La-Mulana EX Review (PlayStation Vita)
It has been a long time since I've put a game in and had it utterly stump me. Today, video games offer so much in terms of graphics and story that the delveloper wants you to see they practically hold your hand to get to the next section. Even some of the hardest games start your character in a nook, where the best way to go is forward (okay, so maybe there's a little pick up right behind your feet, but that's about it).
I remember going to Wal-Mart, where they had this Nintendo demo kiosk (man, I wish I could find one of those) that had like ten cartridges in it for you to try at your convenience. No instructions, just go. I remember going cold turkey into games like Bayou Billy, Battletoads, or Contra. Games like that may not have had a lot to tell you, but they were able to get you pushed off in the right direction. Then, I hit the button for A Boy and His Blob. Now, other people may have had an idea of what to do, but not me. I got stuck in a hole. I had a few jellybeans, but this thing wouldn't turn into anything that would benefit me. It was about as bad as the infamous E.T. hole. I've heard tales of that game being awesome for those who played it at the time, but, it was just thrown at you, and you had to figure it out.
Some games can do this and go on to greatness. "It's dangerous to go alone! Take this!" started a series that lives to this day. Classic Nintendo games relied on you trying everything before you knew what to do. Without an instruction manual, you had to run into that first Mario Goomba to find out what happened. And then Mario 2 came, and if you jumped on a baddie, you rode them! Today, everything has a tutorial, and you don't get that feeling of exploration.
This is where La-Mulana EX has come into my life. Itself an upgrade of a game made ten years ago that's design was to mimic even older styles of game play, you find yourself in the shoes of an archaeologist by the name of Lemeza searching for missing family in the ruins of La-Mulana. A Metroidvania at the core, Lemeza starts with a whip and determination, but eventually comes across a shield, knife, pistol, and other weapons to make it through. And like those games of old, you're left with no direction of where to go. Some may call this unfair, while others may accept the challenge.
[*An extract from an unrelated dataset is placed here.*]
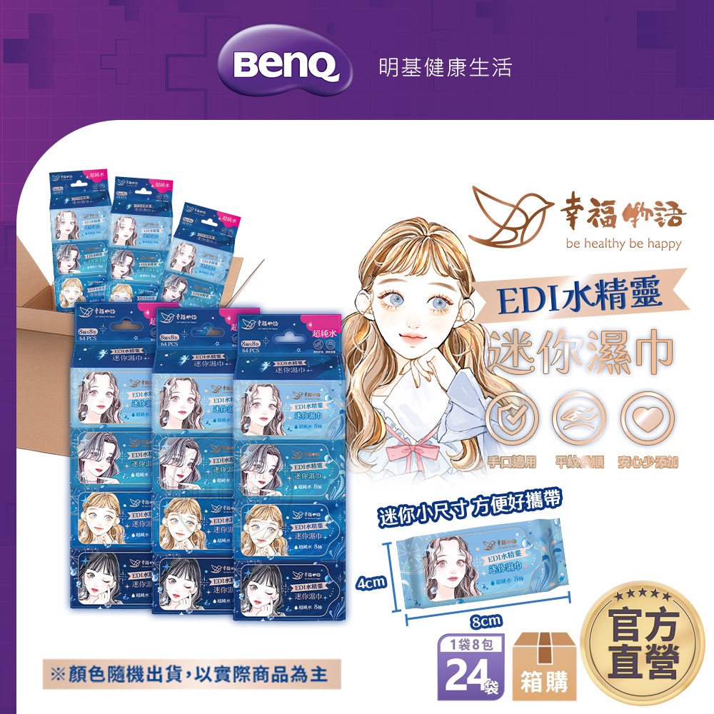 幸福物語 迷你純水濕巾 箱購 192包/箱 濕紙巾 純水濕紙巾 迷你濕紙巾【BenQ 明基 健康生活】EDI水精靈|1箱192包WipesBenQ 明基 健康生活官方直營店
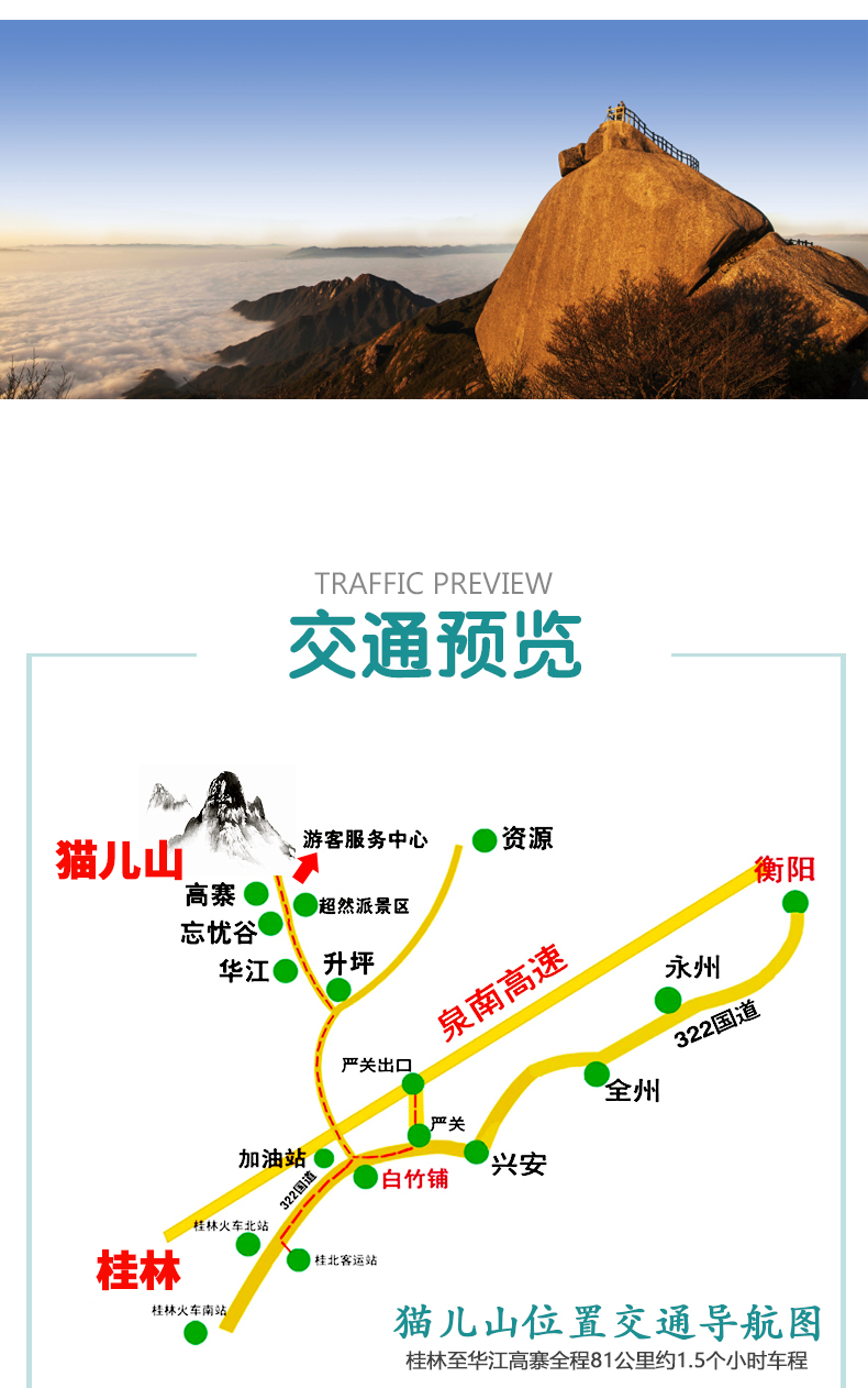 4、由于猫儿山是国家自然保护区,自2018年起,外国游客谢绝上山游览。

A classic side scrolling Metroidvania, La-Mulana is full of platforms and timed jumps. Enemies attack sporadically. It's not the damage they deal that hurts the most, it's the drops from that difficult precipice you were on that enrage you. Save opportunities are few and far between, so death can lead to a lot of backtracking. Also, the game intentionally has dead ends and instant death traps. In your average Metroidvania style game, if the map says that there's a room below, most likely a hole in the floor is a safe way down. This isn't always the case in La-Mulana, as you'll find Lemeza impaling himself on spikes if you jump headlong into unknown territory.
The game hurls a lot of different mechanics at you. With puzzle elements that an archaeologist would find and decipher, Indiana-Jones whipping action, and Mega Man style pattern-based boss battles, the game hurls a lot at you. Also, if you don't pay attention and end up breaking the natural sequence of item discovery (going into an area before finding the equipment needed within), you can find yourself in a much harder predicament than you originally expected. La-Mulana is not for the weak gamer. You will find an extreme level of difficulty. It walks the fine line between "so hard it's fun" and "terribly broken section of game". Sometimes the jilted jumping style of our hero will make you feel as if it's a game mechanic that's making you miss that jump. Sometimes you'll think that the game isn't explaining what item you need where, or why a certain object is in a place yet seems to do nothing. But breaking out the oldschool patience, on top of the archaeological brain, you can research findings in Lemeza's computer. This will help you make it into the bowels of the mysterious labyrinth.
First-time players of brutally hard games may be discouraged. Even those coming from the more popular "brutally hard" games such as Dark Souls and the like might get discouraged thanks to the fine line that this game walks. But if you're willing to take the time to learn it, much like the young me had to figure out the jellybean conundrum for a certain white blob, it can provide a wonderful experience. The Vita is a great platform, allowing you to suspend the game when it tests your last nerve, and hop right back onto it when you feel adventurous enough to continue the challenge of exploring La-Mulana.
A review copy was provided by the developers.